Paper MN+AS-MoM10
Electric-Stimulus-Responsive Pluronic Hydrogels as Actuators

Monday, October 29, 2012, 11:20 am, Room 10

Due to their unique mechanical and chemical characteristics, stimuli responsive hydrogels have garnered much interest in the field of biomedics. They perform dramatic volume transitions in response to external environmental stimuli such as pH and ionic strength of the solvent, temperature, and electrical field. Their soft elastomeric nature, serves to minimize mechanical and frictional irritation to the tissue bed, suggesting applications in artificial muscles and biomimetics, and their swelling capacity results in high permeabilities for certain drug molecules and metabolites making them ideal materials for drug delivery.
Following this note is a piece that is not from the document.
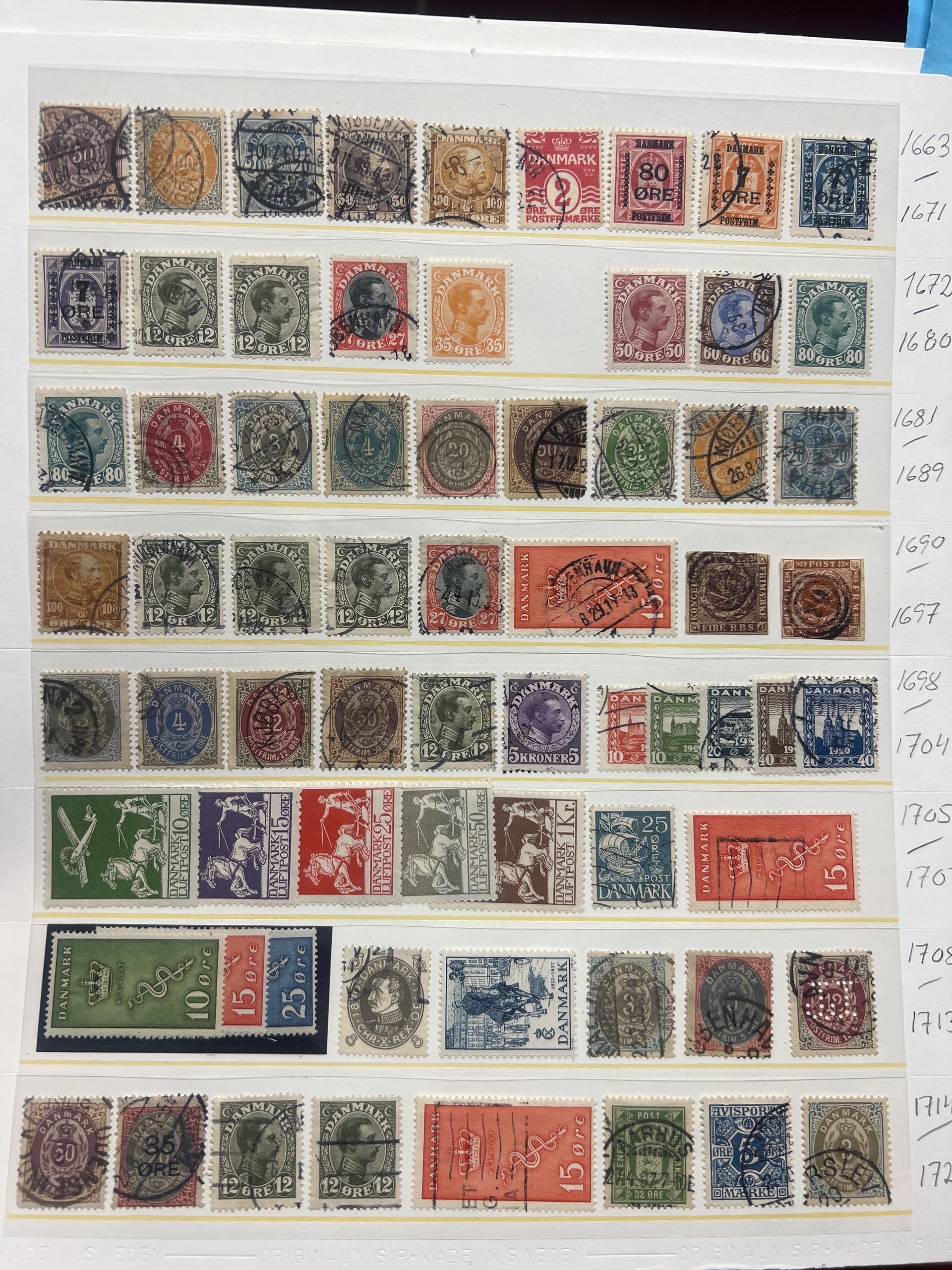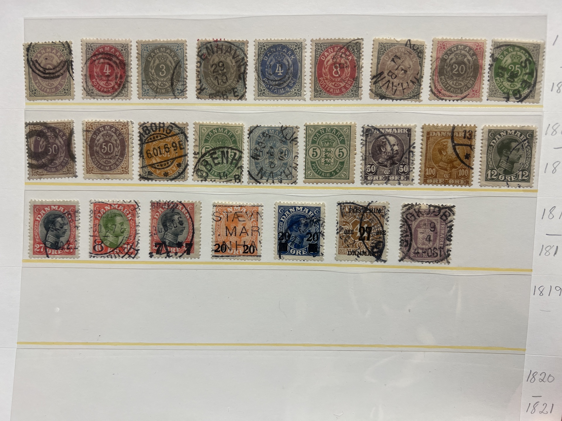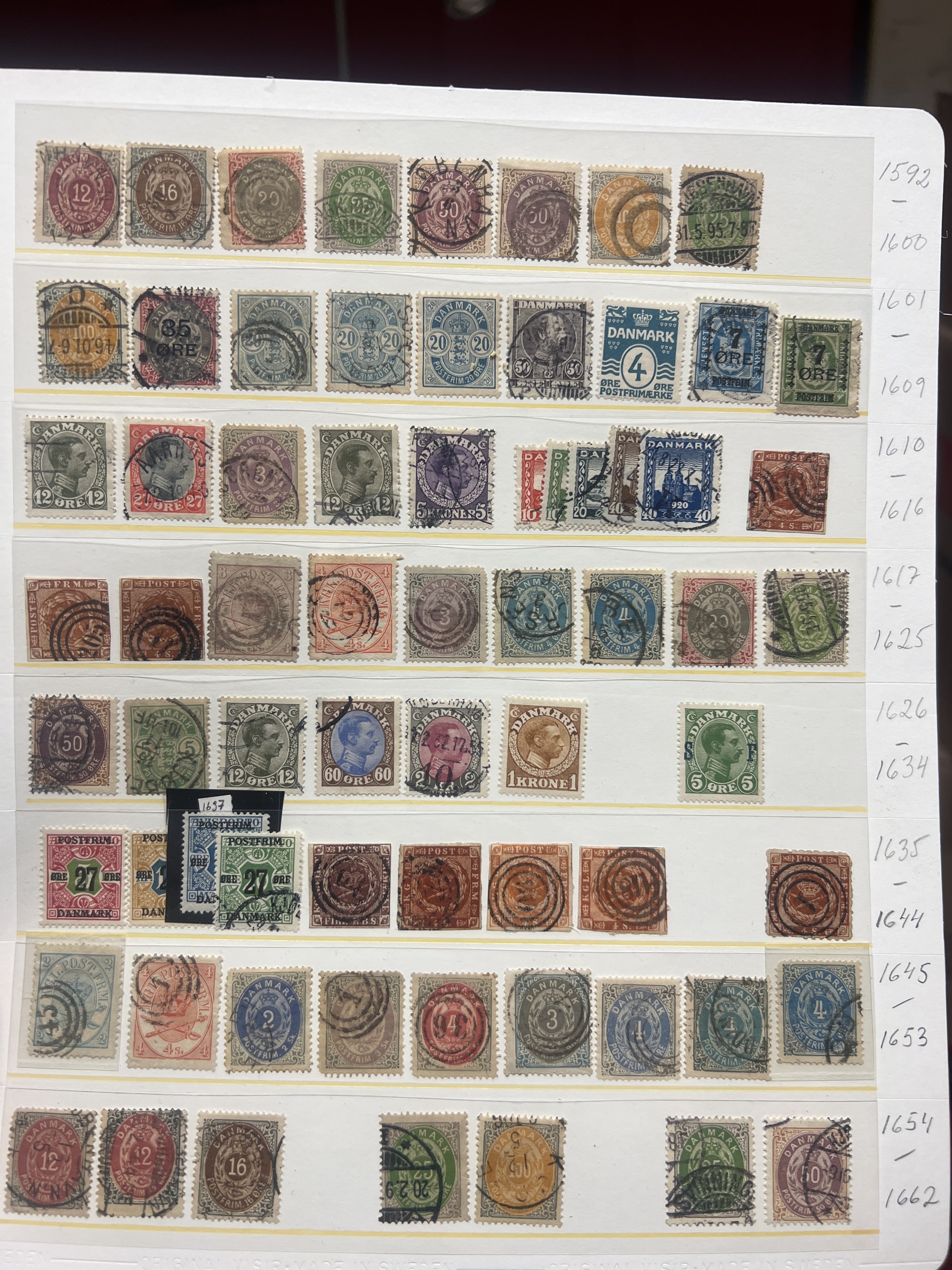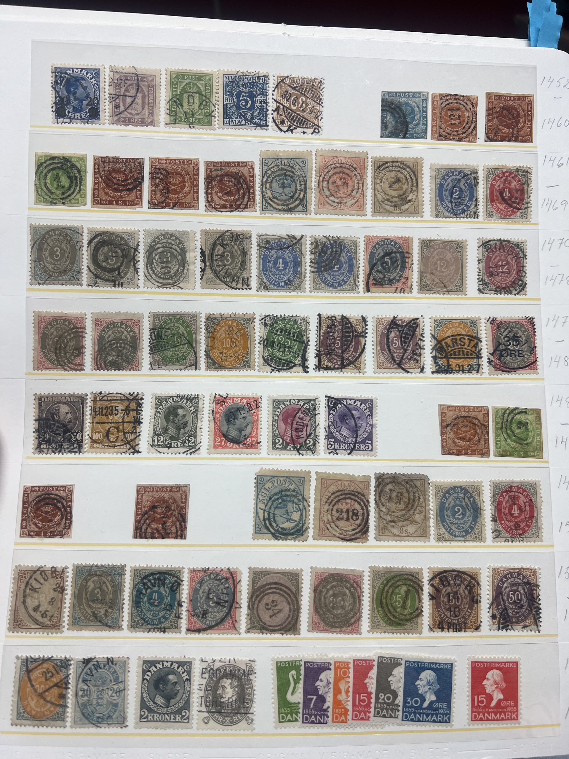 Denmark. Accumulation mostly used 1851–1930s on visir leaves. many better stamps incl. skillings and a lot of bi-colored. The entire lot is presented at www.philea.se. Somewhat mixed quality. (370)
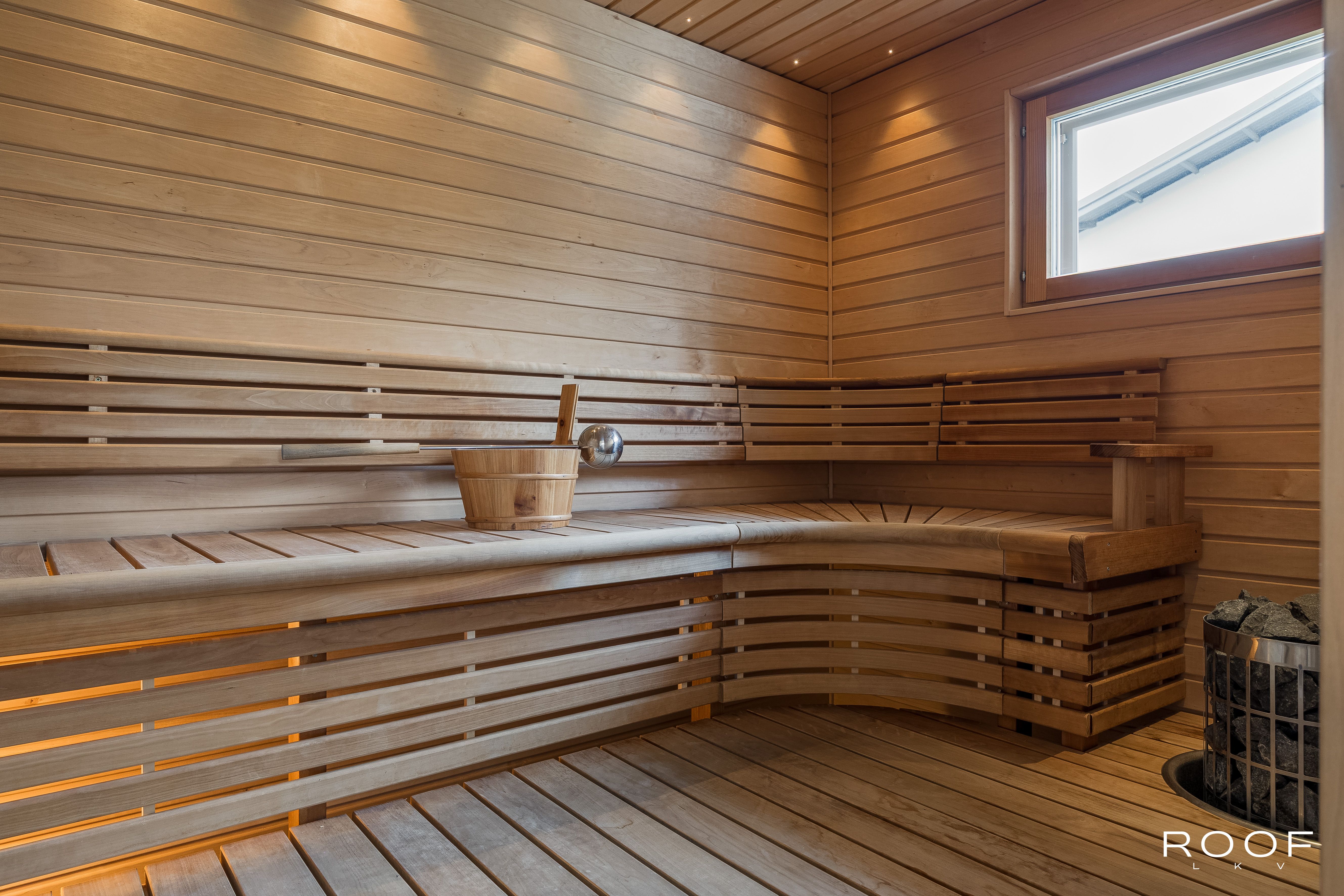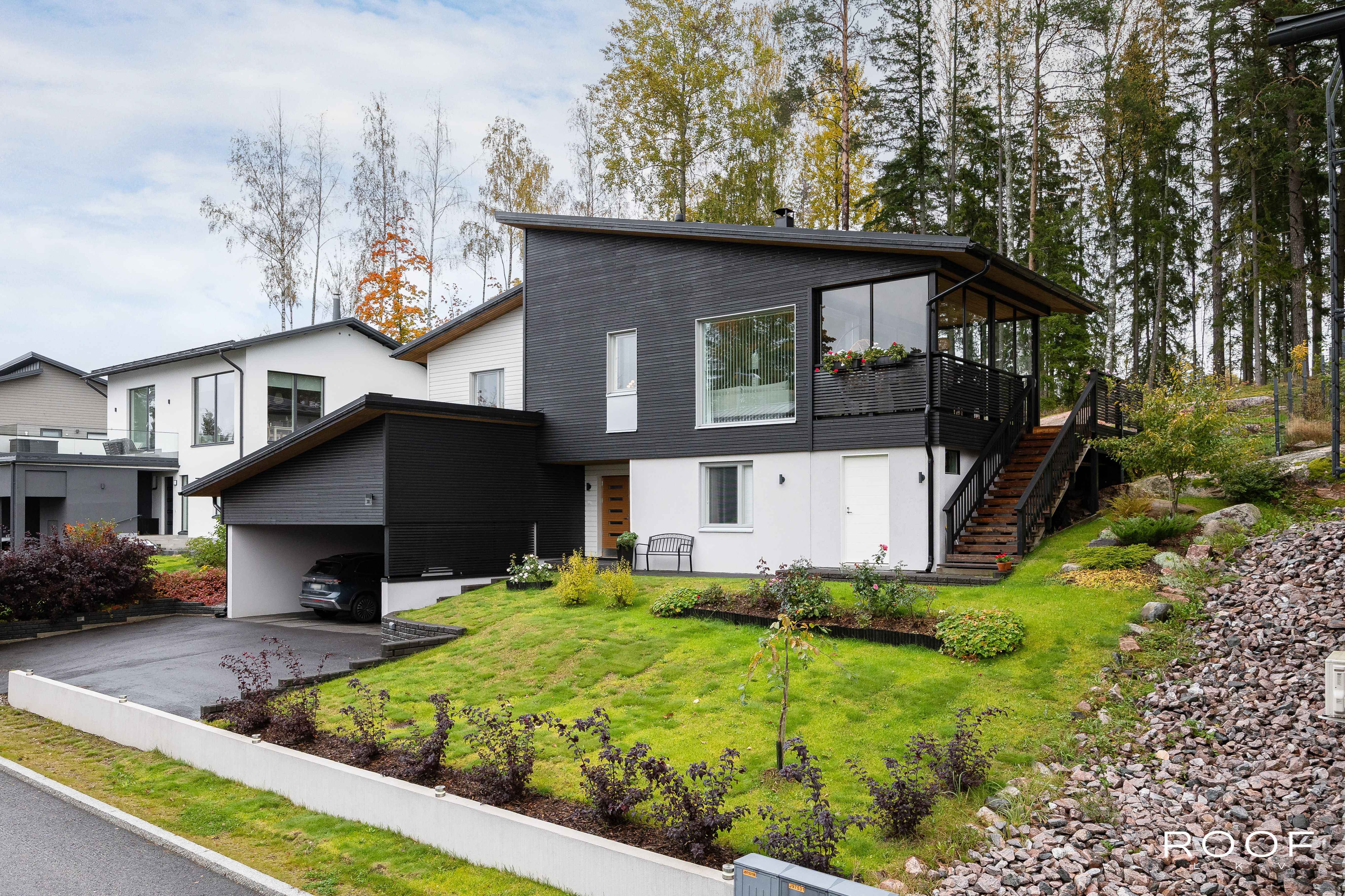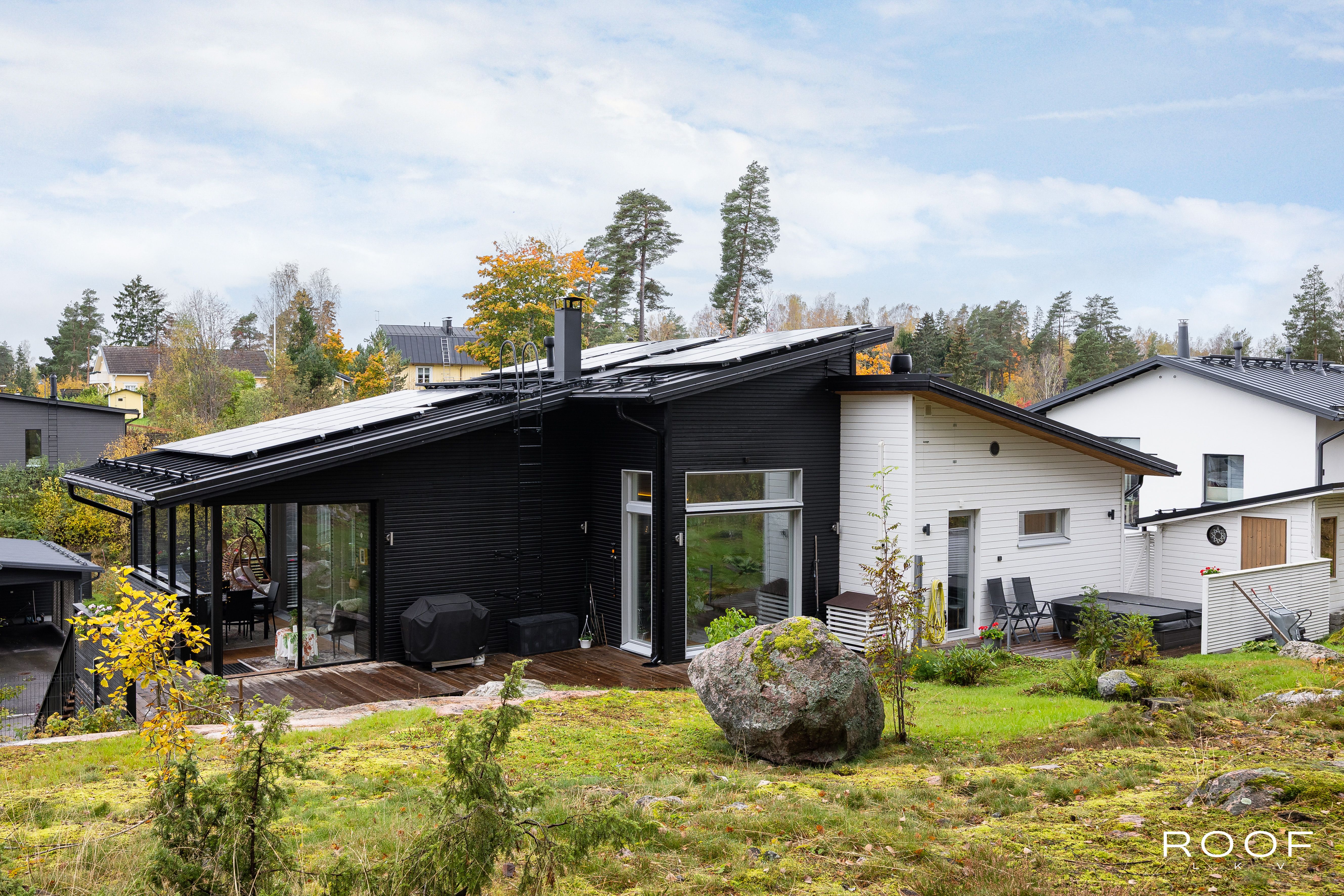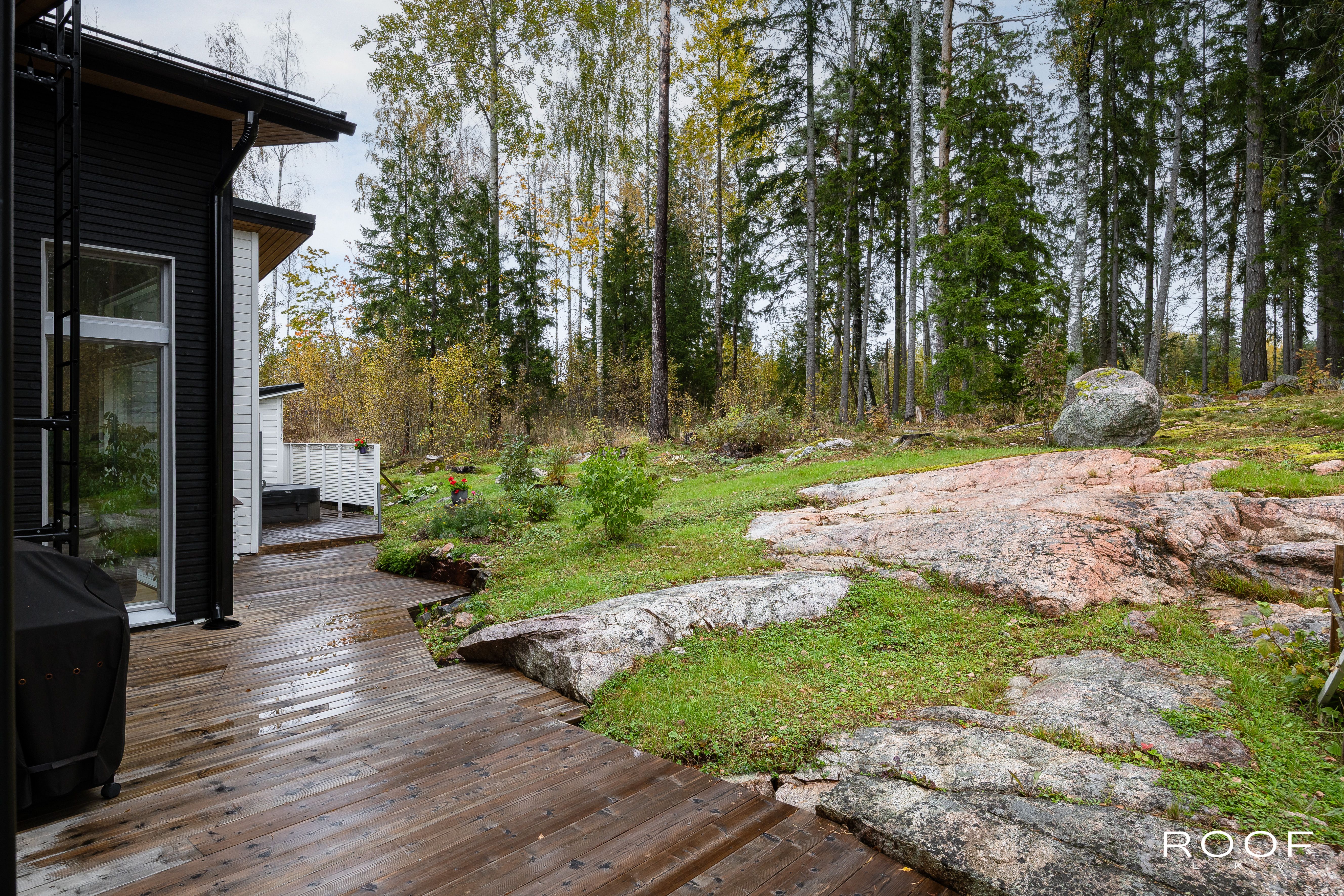 Rentoutumiseen löytyy oma sauna tervaleppälauteilla sekä lasitettu terassi, jolta avautuu näkymä hyvin hoidetulle pihalle. Pihalla on myös ulkoporeallas, joka kutsuu nauttimaan rentouttavista hetkistä. Autokatos kahdelle autolle ja lämmitetyt ulkoportaat lisäävät arjen sujuvuutta.

Because the swelling rate of a hydrogel is inversely related to its size, MEMS offers a unique opportunity to exploit the capabilities of responsive hydrogels by minimizing actuator response time. While it is known that hydrogels with fixed charge groups deform when subjected to an externally applied electric field inside an electrolyte bath, the exact mechanism responsible for the deformation continues to be debated.

In this work, we have investigated the volume transformation of Pluronic based electroactive hydrogels immersed in a Krebs bathing solution under an applied electric field. The swelling characteristics of the crosslinked hydrogels were investigated and a model based on finite element analysis is proposed. Bias was applied via parallel Pt electodes and the distance between the electrodes was varied as was the ionic concentration and pH of the solution inside the testing tank. The feasibility of using an array of interdigitated electrodes fabricated on a printed circuit board as a means of actuation hydrogel was demonstrated with the goal of downsizing the hydrogel electrical-stimulation system for the creation of MEMS electro-responsive hydrogel actuators.